Another rule of thumb--as a critic or Beta Reader, offer few suggestions. It's of greater importance to point out what distracted you, pulled your attention, disrupted your suspension of disbelief than trying to fix the issue by exchanging the left arm with the right leg. Now if an author asks you for a consultation, answer if you wish, but remember this--most likely they'll still do it their way. And they often should because they know their intentions better than the reader. They ought to understand the character motivation and how the body moves innately. By isolating a strained relationship or torn time-table, you help them mend the damage without a freakish outcome.
Here are remarks from the first Beta Reader.
What Works:
- Your characters are really strong.
- I wanted to dive back in and find out what was going to happen. That's part story, part pacing.
- It's tender...didn't expect that one.
- The relationship between the characters and the town is really interesting (also needs a little work for it to really fly).
- I liked it. Really.
- Time tracking needs to get better. I lose it too often, all of a sudden months have gone by and I'm lost. I don't want to drop out of the story to wonder what's going on (that's really good news btw) so don't make me work too hard.
- Set the stage, where are we, when are we, what are the themes in music (were we in the same 80s? Your knowledge of music is amazing, I knew about 20% of the bands you write about, I think we were in different time zones). Tell me more about DJing, radio is dead now, I need to be pulled back into what it looked like then so I can slide back in time. Is radio DJing the same as club DJing? Give me a little narrator, like in a movie where the storyteller starts us off before zooming into the story and leaving us to find our way.
- Sadi's transformation needs improvement, I get what you are doing but it needs a smoother and richer transition, more time steps along the way of her change. Of all your characters she is the most complex but also needs the most work. I actually think W is the most interesting. But with some work Sadi could match her. Right now her change isn't totally believable.
- I think I get what you are trying to do with downtown Sundown being a character in its own right, this needs more work to really bring it to life. You are 60% of the way there, maybe 70%. I have more concrete feedback in my notes (there are a lot of them).
- And we must throw in a Tory...no one, none, each, someone are all SINGULAR. If each of them makes a sandwich, he/she gets to use his/her favorite kind of bread. The he/she agrees with each, not them. Sorry. Can't help myself.
- There's a bunch of doubling/tripling up on words too close together, I've called those out. That's more in the first part. You got much better at the end.

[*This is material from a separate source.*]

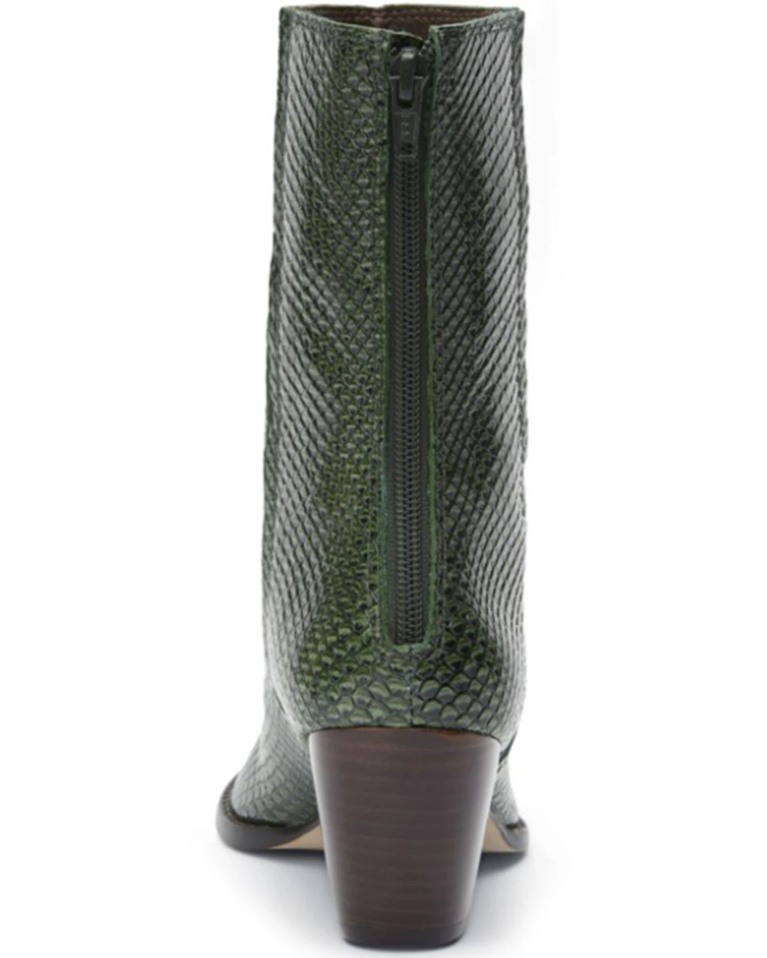 - Dark green embossed snake print design
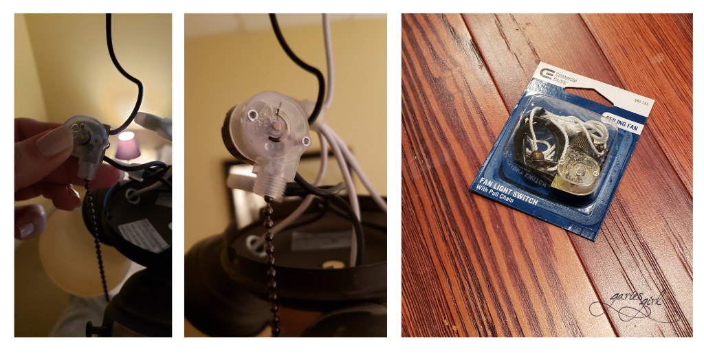 We have a very basic ceiling fan in our guest bedroom. This fixture also included lighting and once the fan was switched on at the wall switch, you could use the pulls to adjust the fan speed or to switch the lights on and off. Now one if the pulls were broken. I started by opening up the cover under the light and examining the mechanism. When I compared the one for the lights to the one for the fan, I realized that my mechanism was broken and needed to be replaced. Onto the shopping list it went.

- Much of the pacing really works but some of it needs tightening up. Threads drop for a really long time and I am dying to know what happened only to have to wait until my interest has faded because I've waited so long. Best example of this is W/Gabe. The distance between the first 'date' and the next follow up is waaaay too long and it interrupts the characters, we can't imagine W at work thinking about work and not thinking about Gabe in the time after their first datelette. There's some stuff with Sadi and Marc like that, too. You have us on a thread, keep us dangling but not for too long.
Ultimately, once a novel is whole, the muscles need to be massaged until perfectly relaxed, the meaning floating as light as air.
Time to book a spa retreat.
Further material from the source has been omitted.